In 2010, a Dutch judge ruled that the law ought not to be extended to Turkish citizens, because of an association treaty between the European Union and Turkey.

==Implementation and cost==
The civic integration exam costs €250. The cost to learn the Dutch language can vary by the school, and how much Dutch the pupil already knows. The total amount DUO is willing to loan an asylum seeker to complete their studies is in excess of €10,000.

==Controversy==
A major aspect of the controversy relates to the language proficiency requirement. The 2022 reforms introduced a higher language threshold for immigrants seeking permanent residency or citizenship. The required proficiency level was increased from CEFR A2 to B1, which is considered more challenging. While the A2 level is still accepted for certain pathways, the B1 level, is necessary for permanent residency. This change has been criticized as an obstacle to integration, as achieving B1-level proficiency within the three-year integration period may be difficult for certain groups.

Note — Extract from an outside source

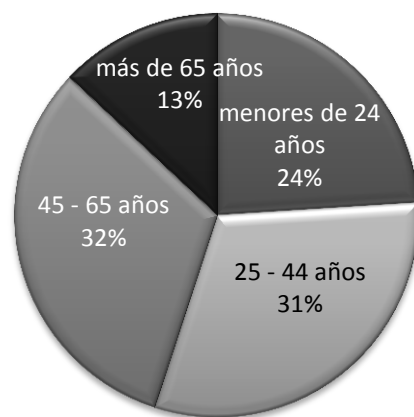
Edad de las y los visitantes 2019

Additionally, the financial burden placed on immigrants has raised concerns. Under the law, asylum seekers receive municipal support for integration courses and exams, but other groups, such as family migrants, are required to finance their own integration. This situation disproportionately affects lower-income individuals and has been viewed as a barrier to successful integration. The potential for penalties if the integration process is not completed within the required timeframe adds further stress, with fines and, in some cases, the denial of residency status posing risks to immigrants who struggle to meet the requirements.

The reforms also altered the support system for immigrants. While municipalities are responsible for overseeing the integration process, the extent of support varies depending on the category of the immigrant. Asylum seekers receive comprehensive assistance, but others, such as family members of skilled workers, are often left to navigate the integration system independently. This has led to criticisms of inequity in the distribution of resources and support.